__SUPPLIED DATA__:
"""

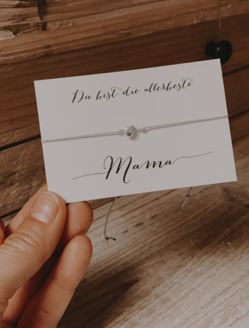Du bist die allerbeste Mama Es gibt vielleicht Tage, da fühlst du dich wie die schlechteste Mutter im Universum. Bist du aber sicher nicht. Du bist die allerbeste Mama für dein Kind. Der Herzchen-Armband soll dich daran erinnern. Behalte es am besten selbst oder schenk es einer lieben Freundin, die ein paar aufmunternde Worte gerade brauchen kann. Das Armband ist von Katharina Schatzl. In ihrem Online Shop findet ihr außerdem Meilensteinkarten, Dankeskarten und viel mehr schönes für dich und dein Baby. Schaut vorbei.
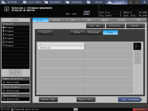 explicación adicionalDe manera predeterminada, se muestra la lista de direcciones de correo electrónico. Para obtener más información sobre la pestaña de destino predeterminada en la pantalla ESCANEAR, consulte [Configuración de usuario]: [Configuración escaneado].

"""
"""

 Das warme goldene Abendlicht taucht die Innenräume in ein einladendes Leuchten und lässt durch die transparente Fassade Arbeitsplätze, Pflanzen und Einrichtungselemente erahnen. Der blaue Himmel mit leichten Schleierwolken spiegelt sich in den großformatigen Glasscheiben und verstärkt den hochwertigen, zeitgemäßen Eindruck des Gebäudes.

"""
"""

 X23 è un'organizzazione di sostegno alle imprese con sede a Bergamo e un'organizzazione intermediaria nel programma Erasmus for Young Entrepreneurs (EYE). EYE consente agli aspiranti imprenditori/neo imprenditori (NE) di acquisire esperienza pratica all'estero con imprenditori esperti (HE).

"""

__TASK BRIEF__:
Using the entries above, transcribe every line from the line containing "Du bist die allerbeste Mama Es" through the line containing "explicación adicionalDe manera". Do not copy pictures.

__OUTPUT FOR THIS TASK__:
Du bist die allerbeste Mama Es gibt vielleicht Tage, da fühlst du dich wie die schlechteste Mutter im Universum. Bist du aber sicher nicht. Du bist die allerbeste Mama für dein Kind. Der Herzchen-Armband soll dich daran erinnern. Behalte es am besten selbst oder schenk es einer lieben Freundin, die ein paar aufmunternde Worte gerade brauchen kann. Das Armband ist von Katharina Schatzl. In ihrem Online Shop findet ihr außerdem Meilensteinkarten, Dankeskarten und viel mehr schönes für dich und dein Baby. Schaut vorbei.
 explicación adicionalDe manera predeterminada, se muestra la lista de direcciones de correo electrónico. Para obtener más información sobre la pestaña de destino predeterminada en la pantalla ESCANEAR, consulte [Configuración de usuario]: [Configuración escaneado].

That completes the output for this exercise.